Future combat helmet: Promising prototype
In the past two decades, ubiquitous armed conflicts have spurred tremendous growth in armor materials and designs. Those who watch the armor market expect demand to continue. For example, a 2009 study by the military armor research specialists at Vector Strategy (Southern Pines, N.C.) predicts that $6 billion (USD) in military body armor will be procured by the U.S. military between 2009 and 2015.
Composites now play a huge role in this market (see “Structural armor or armored structures?” under "Editor's Picks," at right), having steadily displaced traditional materials since the early 1980s. For military helmets, in particular, lightweight composite designs reinforced with aramid, ultrahigh molecular weight polyethylene (UHMWPE) and other fiber types, often in hybrid combinations, have long since replaced the steel “pot” helmets of World War II and the Vietnam War era. The current trend is toward thermoplastic helmets, and such designs are presently under evaluation by the U.S. Army and Marine Corps for their developmental Enhanced Combat Helmet (ECH) program. The aim is to up the ante for warrior protection yet maintain the weight of the current helmet — a tall order, according to those familiar with helmet design.

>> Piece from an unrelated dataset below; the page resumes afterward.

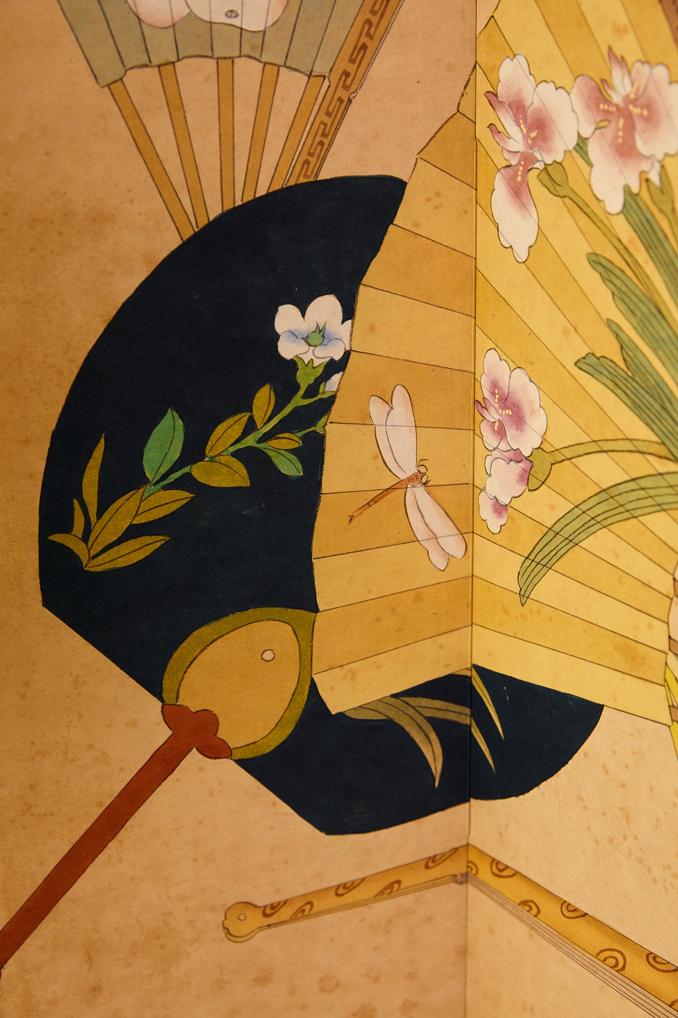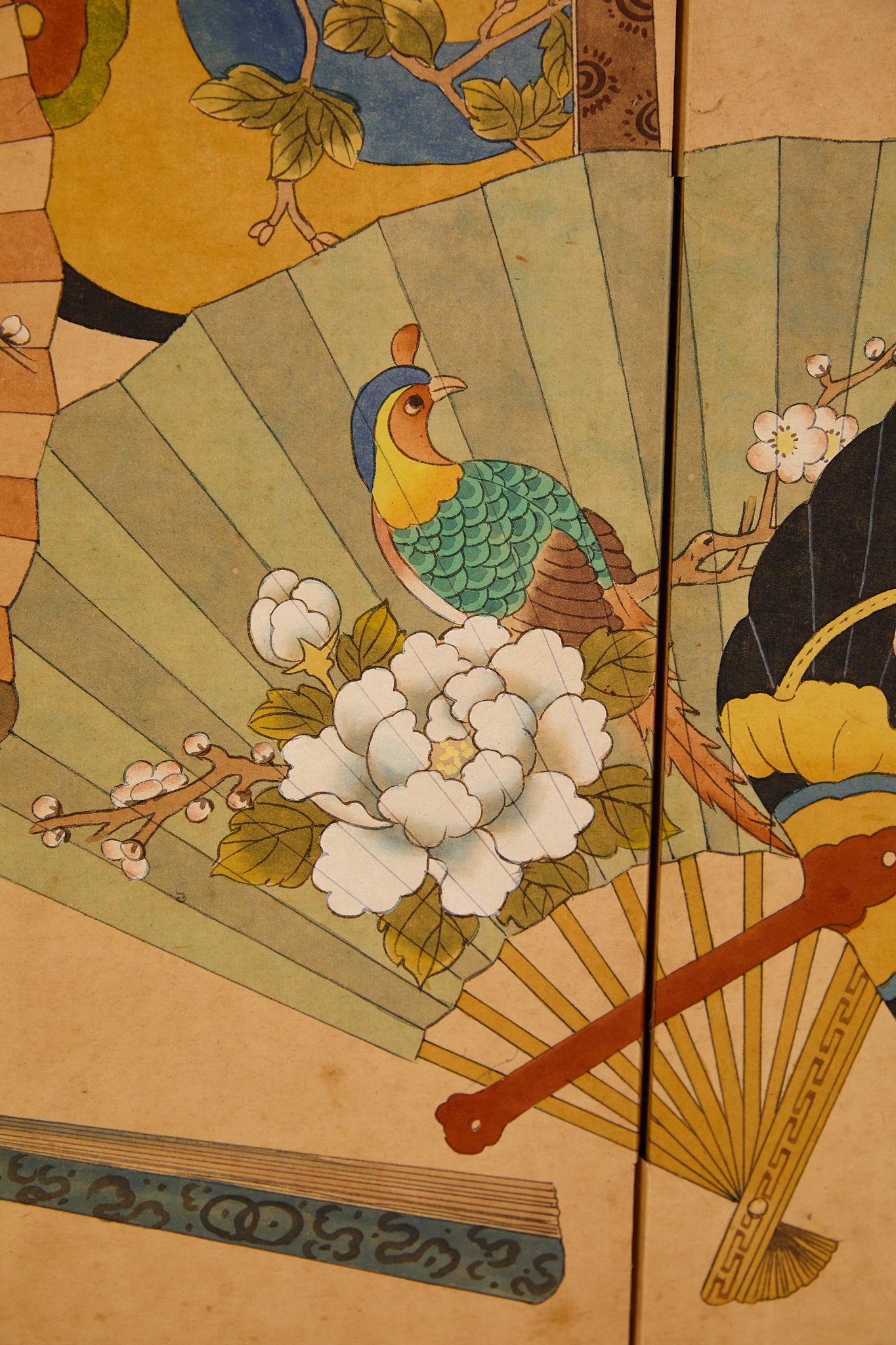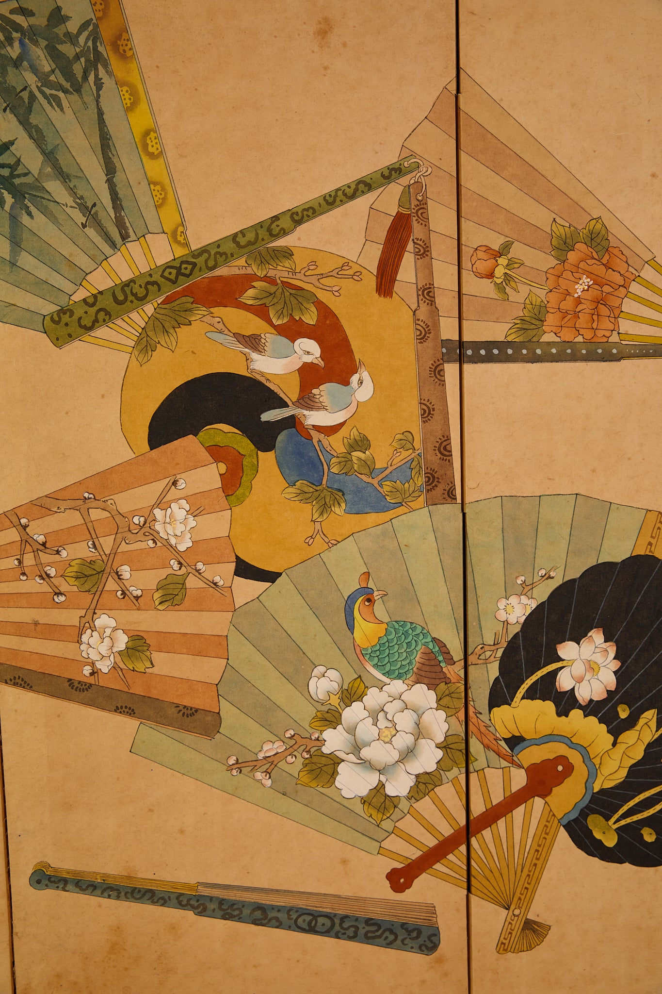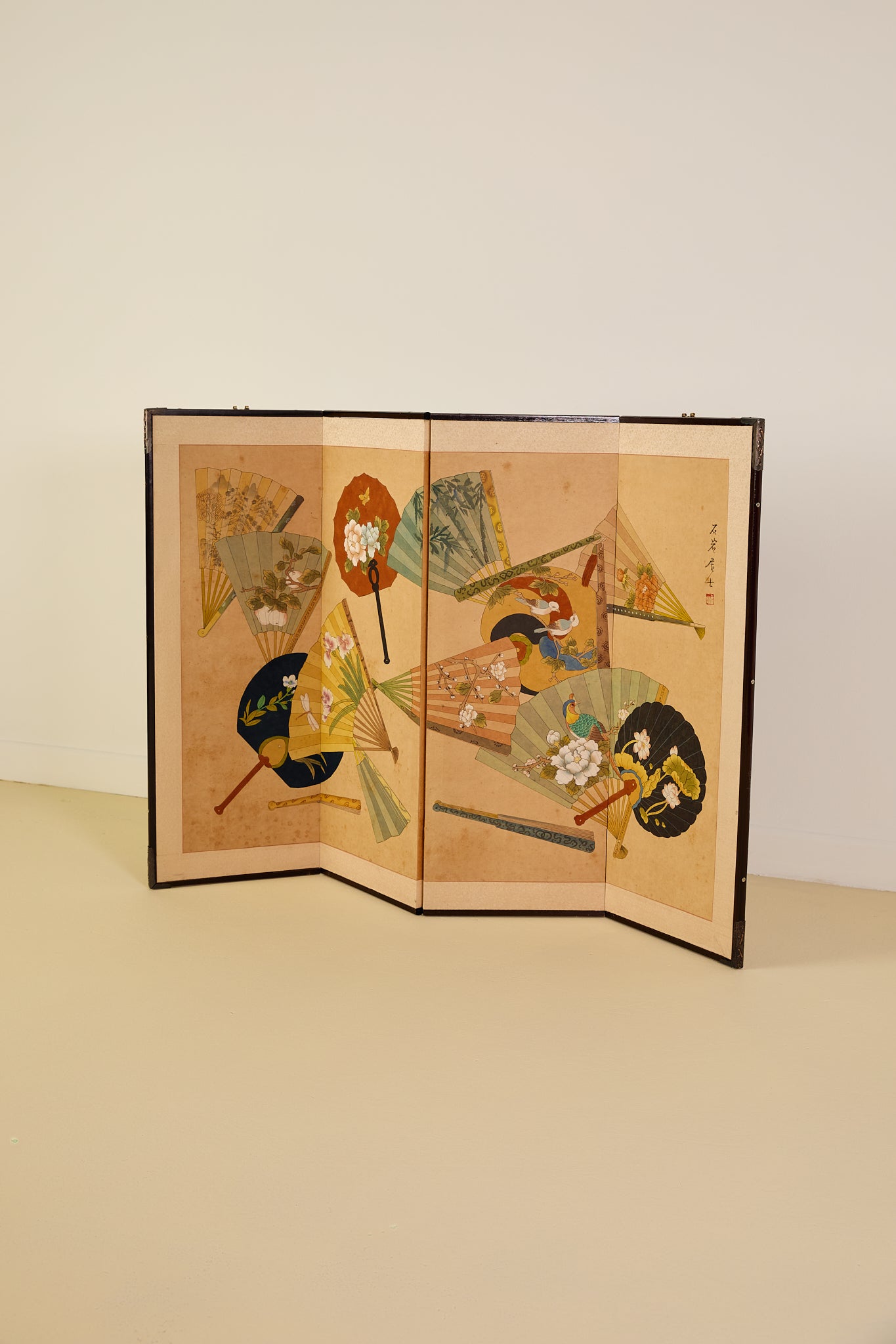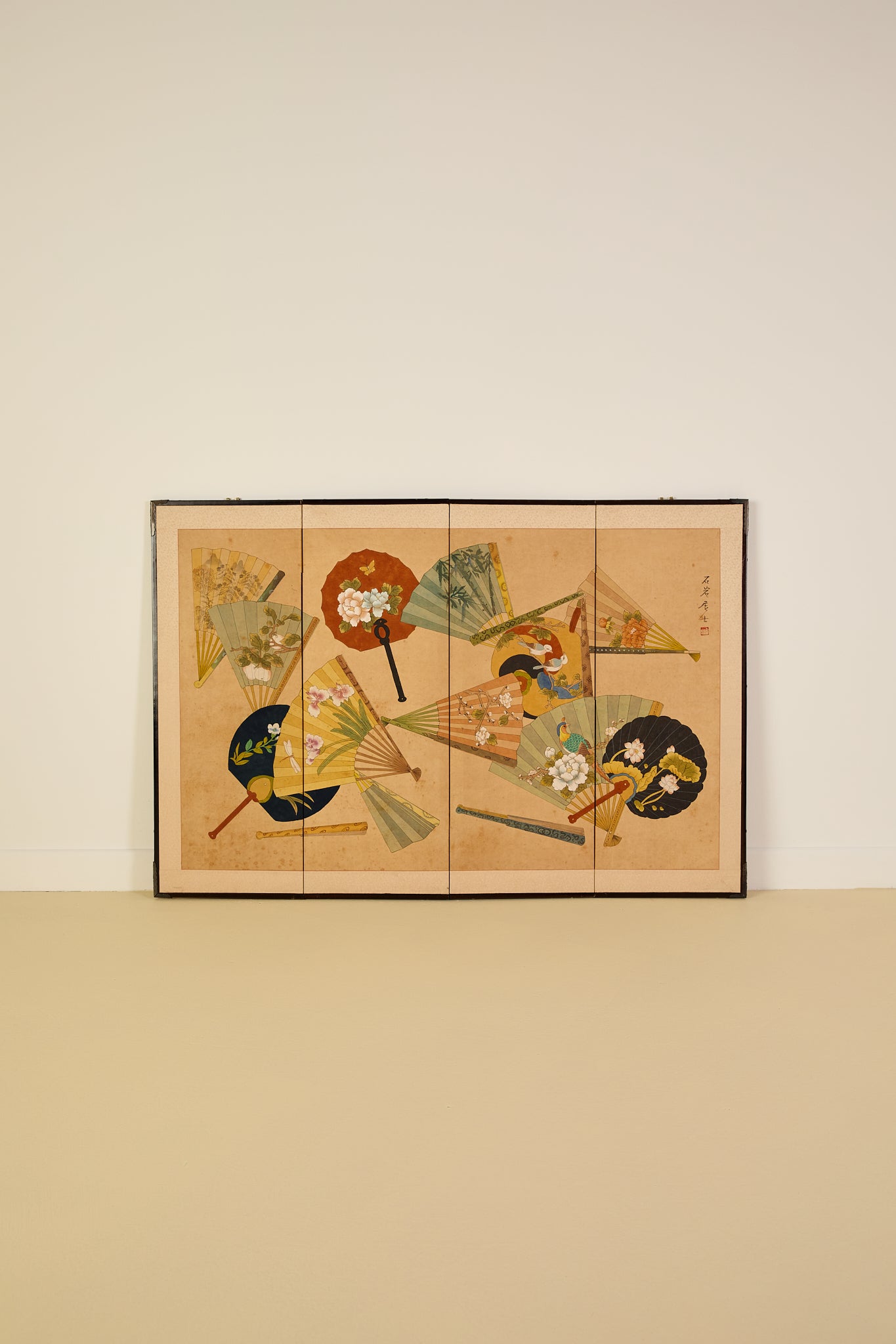 Japanese Four Panel Screen Panting With Fans
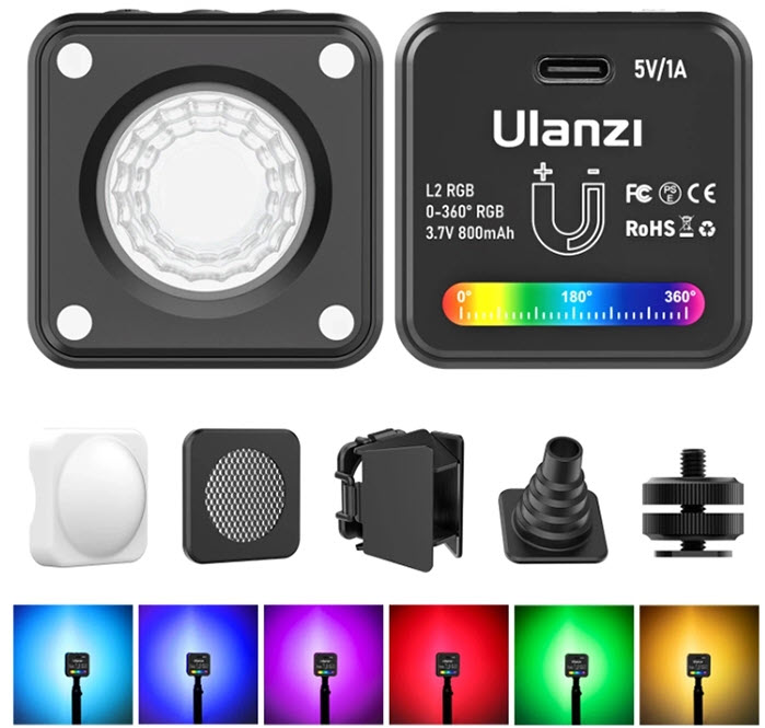 ULANZI L2 RGB COB Video Light Mini Cube Lights, LED Camera Light 360° Full Color Portable Photography Video Lighting, 800mAh Rechargeable & Magnetic Designs and 11 Dynamic Light Effects * Ulanzi L2 có 2 phiên

In conjunction with this program, Fiberforge (Glenwood Springs, Colo.) has worked closely with the U.S. Army Research Laboratory (ARL, Adelphi, Md.) to develop a reinforced-thermoplastic helmet design paired with a cost-effective manufacturing strategy. Several years ago, the ARL asked Fiberforge to assist in the Future Force Warrior (FFW) helmet program, initiated and executed by the Natick Soldier Research and Development Center (Natick, Mass.), says ARL’s investigation sponsor Shawn Walsh. “FFW was a visionary program,” he recalls. “It allowed for total rethinking of how the soldier might perform his or her mission in the current and future Army.” Because the future helmet is envisioned as a sophisticated piece of equipment that will integrate more electronics and sensing systems, he explains, the Army will need “a helmet that is lighter than existing thermoset composite models, yet offers more protection.”
Hybridized helmet design
Overseen by Natick, FFW was a trial program limited to production of a viable FFW helmet prototype, but Walsh points out, “It allowed me ... to transition the novel thermoplastic hybridized helmets we developed under FFW into a more generic and pervasive manufacturing capability. This ... capability is now being exercised in the development of the Enhanced Combat Helmet.”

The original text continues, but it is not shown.